- PROBLEM TO SOLVE -
Word for word, return the lines below from the first through the line that has "70年代スタイルのビンテージ", dropping the pictures.

- STORED DATA -
________________________

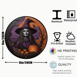 1pc 8x8inch, Aluminum Sign, Autumn Halloween Witch, Welcome Wreath Sign.
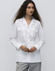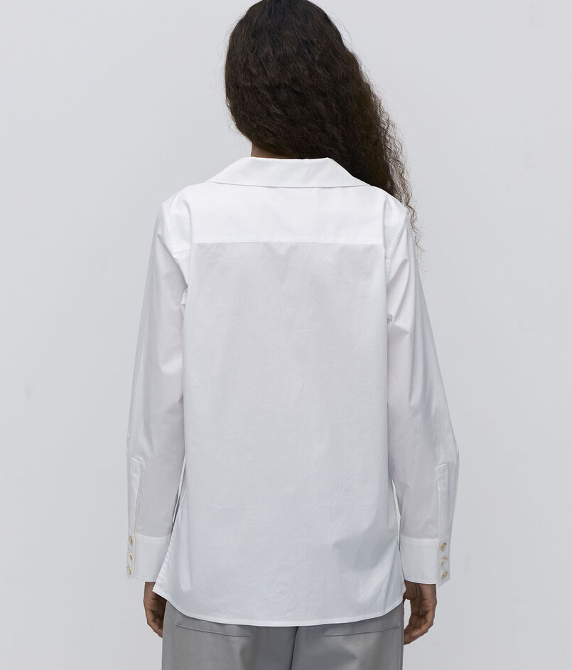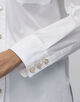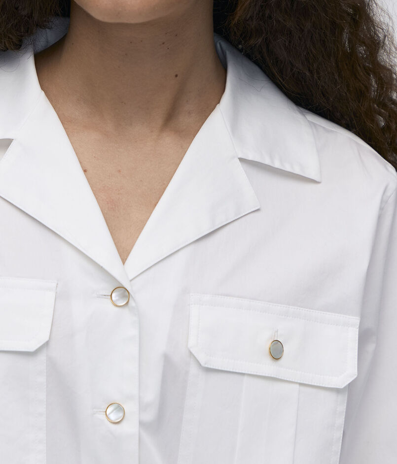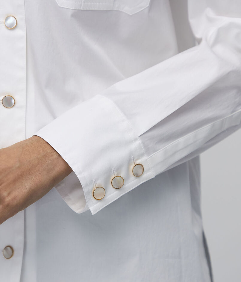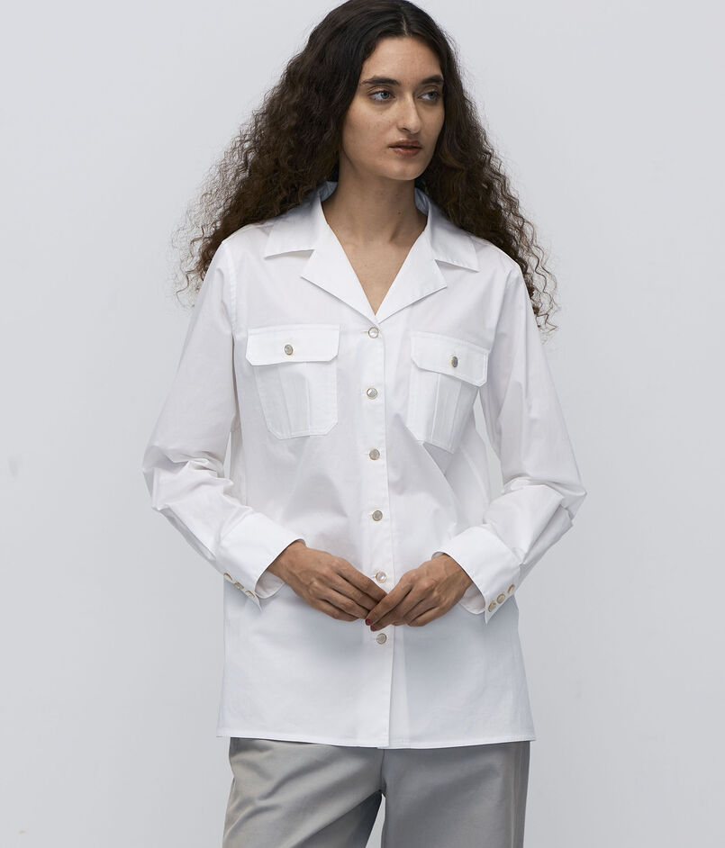 70年代スタイルのビンテージから形をとり、ゴールドボタンのホワイトシャツをカジュアルに着用できるよう仕立てています。
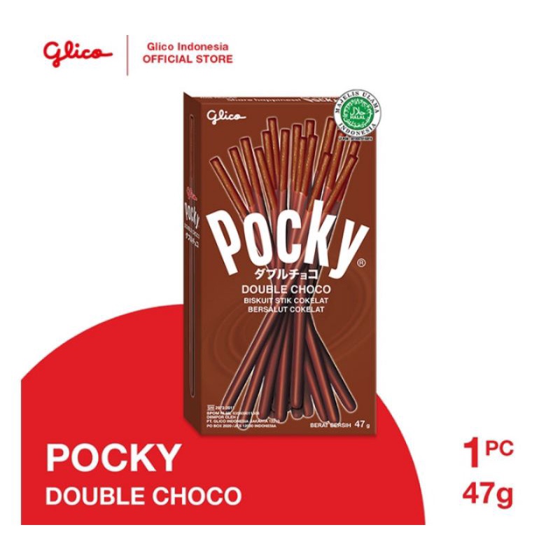 Glico Pocky Biskuit Stik Double Choco 47 g merupakan produk biskuit dengan bentuk stik sehingga menjadikan mudah untuk dikonsumsi ngga belepotan ketika dimakan, dan ada bagian stik yang bersih tanpa terkena krim untuk memudahkan mudah digenggam dengan jari-jari tanpa khawatir takut kotor. Dengan bentuk stik juga memudahkan untuk dibagikan kepada teman atau kerabat untuk berbagi kebahagiaan bersama. Kemasan luar berbentuk box yang bisa dibuka dan ditutup untuk disimpan memudahkan untuk dibawa kemana aja, dan tetap higienis karena terdapat kemasan foil di dalam kemasan box. Dapat dikonsumsi langsung, ataupun dikonsumsi bersama hidangan penutup lainnya seperti buah, toping cake, es krim, dll. Terbuat dari bahan pilihan dengan kualitas tinggi, menciptakan biskuit renyah tanpa remah dan rasa double choco lezat dan manisnya pas. Nikmatin kelezatan biskuit stik berlapis krim stroberi tebal yang enak, praktis, dan ngga berantakan.

________________________

- YOUR RESPONSE -
 1pc 8x8inch, Aluminum Sign, Autumn Halloween Witch, Welcome Wreath Sign.
 70年代スタイルのビンテージから形をとり、ゴールドボタンのホワイトシャツをカジュアルに着用できるよう仕立てています。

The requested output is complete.